Our motivating example is a phase I/II trial for the purpose of finding the optimal doses of a novel molecularly targeted agent in patients with locally advanced or metastatic solid tumors that may harbor molecular alterations in five genes: the NTRK1 gene, NTRK2 gene, NTRK3 gene, ROS1 gene, and ALK gene. The types of molecular alterations include gene rearrangements, single-nucleotide polymorphisms, insertions, deletions, splice variants and gene amplifications. Molecular alterations in these target genes have been detected in various cancers, including non-small cell lung cancer, colorectal cancer, thyroid cancer, pancreatic cancer and neuroblastoma, and are expected to be predictive markers that may influence the treatment effect of the agent. In the study, the status of each of the five target genes is coded as positive (i.e., has alterations) or negative (i.e., no alterations), and is evaluated for each patient using next-generation sequencing. Patients receive the treatment agent orally, once daily in the morning for 28 consecutive days in repeated 4-week cycles. Toxicity is graded according to the National Cancer Institute Common Terminology Criteria for Adverse Events, Version 4.03, and coded as a three-level ordinal variable: grade 1 or 2, grade 3, or grade ≥4 adverse events. Efficacy is evaluated using the Response Evaluation Criteria In Solid Tumors, and coded as a three-level ordinal variable: progressive disease (PD), stable disease (SD), or partial or complete remission (PR/CR). Five doses (100, 300, 500, 700, 900mg/m²/day) are evaluated. The primary objective of the trial is to find the optimal dose that is safe and efficacious for each patient according to the patient’s specific pattern of molecular alterations of the five genes. For this trial, the straightforward approach that directly includes gene alterations and their interactions with the dose as covariates in the dose-toxicity and dose-efficacy models would not work because it results in an excessive number of covariates in the model (the dose, 5 gene alteration indicators, and 5 dose-gene alteration interactions). In addition, these covariates may be highly correlated.

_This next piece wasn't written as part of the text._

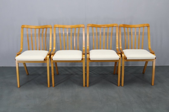 Questo raffinato set di quattro sedie da pranzo di metà secolo è stato prodotto da Jitona in Cecoslovacchia negli anni '60. Realizzate in legno massello di faggio e compensato di faggio sagomato, le sedie presentano proporzioni eleganti e linee moderniste pulite, tipiche del design mitteleuropeo dell'epoca.

We propose a Bayesian phase I/II personalized dose-finding method that can accommodate a more realistic number of patient characteristics or biomarkers. For brevity of description, we use “patient characteristic” and “biomarker” exchangeably hereafter. To circumvent the curse of dimensionality and potential high correlations among biomarkers, we employ the canonical partial least squares (CPLS) method to extract a small number of components from the covariate matrix consisting of dose, biomarker profile, and dose-by-biomarker interactions. These CPLS components capture most of the covariate information that is predictive of the response (Garthwaite, 1994). Conditional on the CPLS components, we take a latent-variable approach to model the ordinal toxicity and efficacy outcomes. We quantify the desirability of the doses using a utility function elicited from physicians that accounts for the risk-benefit tradeoff. A two-stage dose-finding algorithm is proposed to guide dose assignment and selection.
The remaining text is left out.